Карлос улыбкой поощрил проницательность дона Диого, его наметанный бальзаковский глаз; Секейра, прямодушный старый солдат, полюбопытствовал, кто же дульсинея Эги. Однако старый денди, исходя из глубин своего опыта, заявил, что подобные вещи не предаются гласности и предпочтительнее о них не знать. Затем, проведя худыми и слабыми пальцами по лицу, дон Диого покровительственным тоном уронил свысока:

— Мне Эга по душе, он прекрасно держится; и безо всякой позы…

Сдали карты, и за столом вновь воцарилось безмолвие. Генерал, взглянув на расклад, издал глухое ворчание, выхватил из пепельницы недокуренную папиросу и яростно затянулся.

— Вы столь поглощены вашим порочным занятием, сеньоры, что я, пожалуй, пойду взглянуть на бильярдистов, — проговорил Карлос. — Там Стейнброкен схватился с маркизом и уже проиграл ему четыре мильрейса.

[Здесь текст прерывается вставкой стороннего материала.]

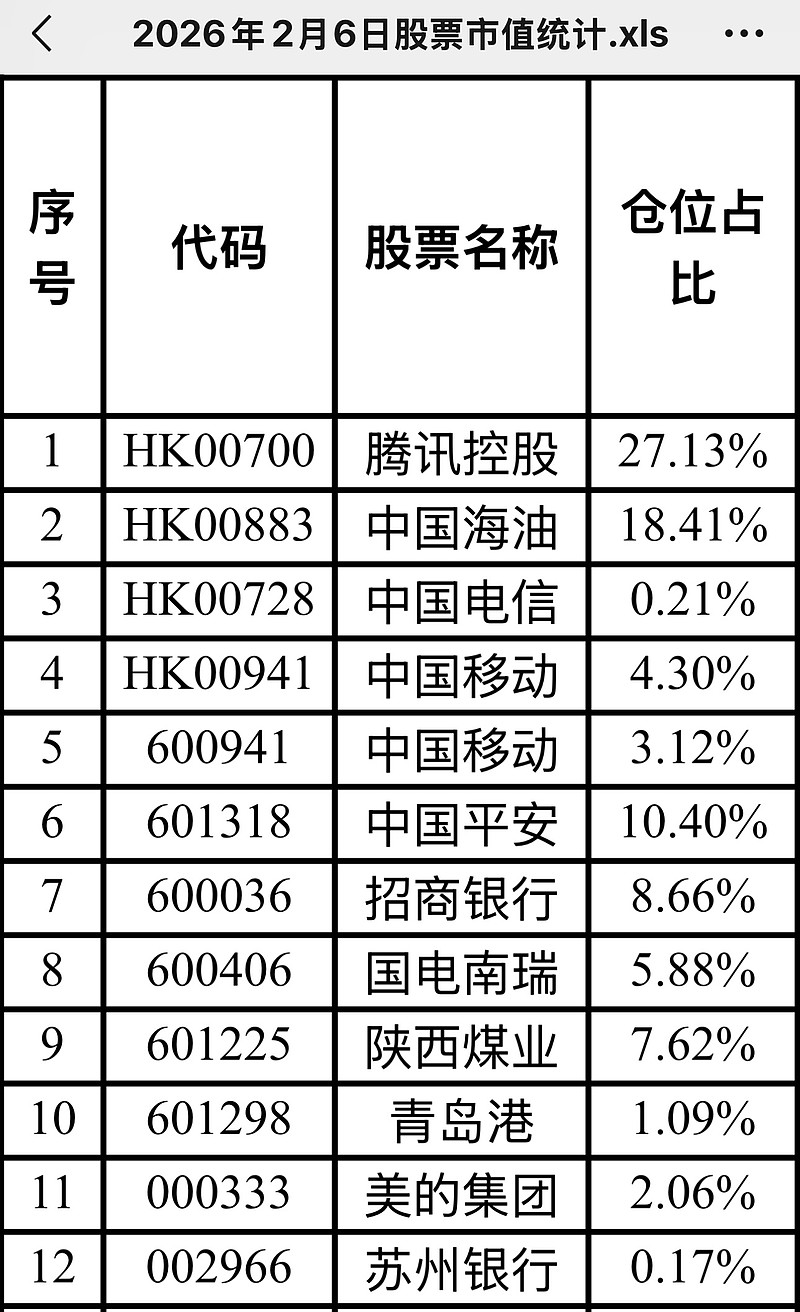 仓位:移动7%,电信0.2%
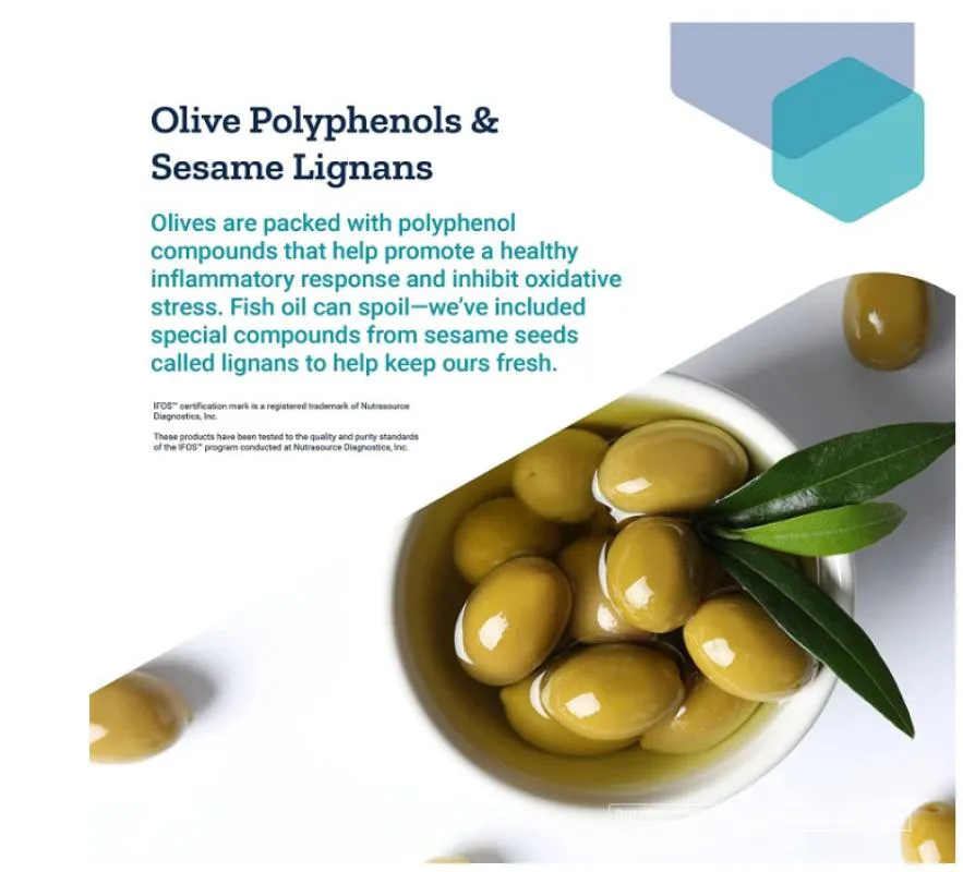 Cuide do seu coração e da sua saúde cognitiva com doses ideais de ácidos graxos ômega-3 EPA e DHA. Os ácidos graxos EPA e DHA do óleo de peixe auxiliam a saúde cardiovascular, cerebral e muito mais. Inspirado na dieta Mediterrânea, nosso Super Ômega-3 fornece os ácidos graxos ômega-3 EPA e DHA de que seu corpo precisa, além de potentes polifenóis de oliva e lignanas de gergelim, que beneficiam ainda mais a saúde cardiovascular, cognitiva e de todo o corpo. Por que adicionar lignanas de gergelim? Adicionamos lignanas de gergelim às nossas fórmulas Super Ômega-3 para aumentar os benefícios do óleo de peixe para a saúde e inibir a peroxidação. O que é extrato de oliva? Este extrato de oliva é repleto de polifenóis saudáveis para o coração, fornecendo polifenóis equivalentes a pouco mais de 4 colheres de sopa de óleo de oliva extravirgem. Benefícios:

Послать вам сюда пунш?

Никто ему не отвечал.

В столь же торжественной тишине священнодействовали и игроки на бильярде. Маркиз, стоя на одной ноге, простерся над бортом и, поблескивая намечающейся лысиной в резком свете двух фарфоровых абажуров, готовил решающий карамболь. Кружес, поставивший на маркиза, забыл о трубке и диване и, нервно теребя свою густую шевелюру, спадавшую до ворота сюртука, неотрывно следил за шаром, то и дело моргая и выставив острый нос. В глубине залы, одетый во все черное, маленький Силвейра, Эузебиозиньо, когда-то бывавший в Санта-Олавии, тоже вытягивал шею в тугом траурном галстуке из черной шерсти; как всегда, хмурый и еще более вялый, чем в детстве, но так же держа руки в карманах, он выглядел столь похоронно, что все в нем казалось воплощением глубокого траура вплоть до черных прилизанных волос и темных стекол пенсне на черной ленте. Возле бильярда ждал своей очереди партнер маркиза граф Стейнброкен: несмотря на извечный страх североевропейца перед необходимостью расстаться с деньгами, он сохранял спокойствие и улыбался, опираясь на бильярдный кий в соответствии с образом британского джентльмена и облаченный, как англичанин, — традиционный, изображаемый на литографиях, — в зауженный редингот с несколько коротковатыми рукавами, длинные клетчатые брюки и ботинки на низком каблуке.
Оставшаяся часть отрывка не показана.